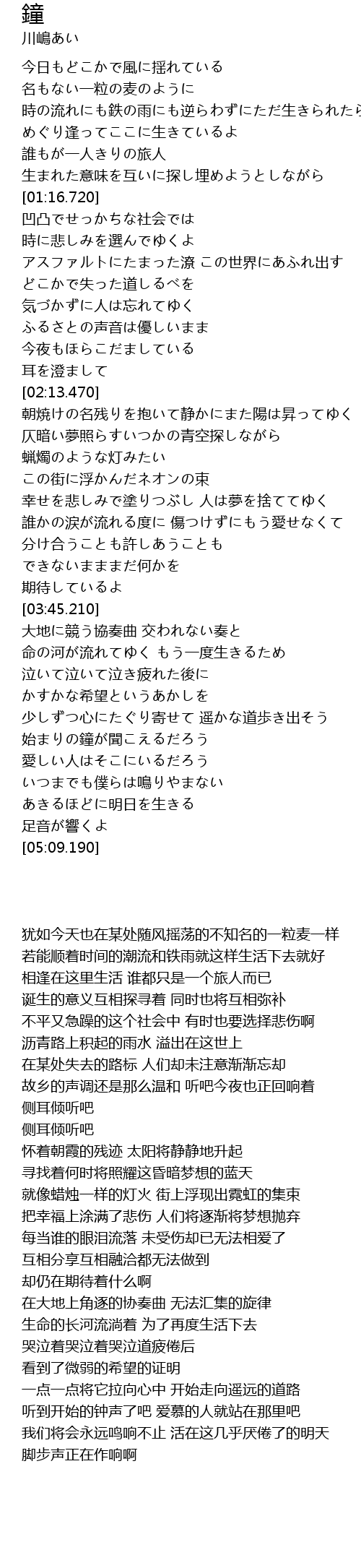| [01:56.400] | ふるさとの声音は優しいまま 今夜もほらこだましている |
+===+
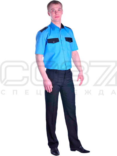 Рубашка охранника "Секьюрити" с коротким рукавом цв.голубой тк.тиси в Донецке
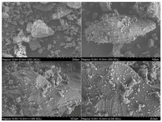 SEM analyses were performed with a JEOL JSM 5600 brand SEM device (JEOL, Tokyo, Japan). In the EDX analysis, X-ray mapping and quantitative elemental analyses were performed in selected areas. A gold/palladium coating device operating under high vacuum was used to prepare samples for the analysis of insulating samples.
+===+
» What you need to do
What should come back is an exact copy of the lines above from the line with "тк.тиси в Донецке" to the line with "SEM analyses were", both included, minus the pictures.

» Result
 Рубашка охранника "Секьюрити" с коротким рукавом цв.голубой тк.тиси в Донецке
 SEM analyses were performed with a JEOL JSM 5600 brand SEM device (JEOL, Tokyo, Japan). In the EDX analysis, X-ray mapping and quantitative elemental analyses were performed in selected areas. A gold/palladium coating device operating under high vacuum was used to prepare samples for the analysis of insulating samples.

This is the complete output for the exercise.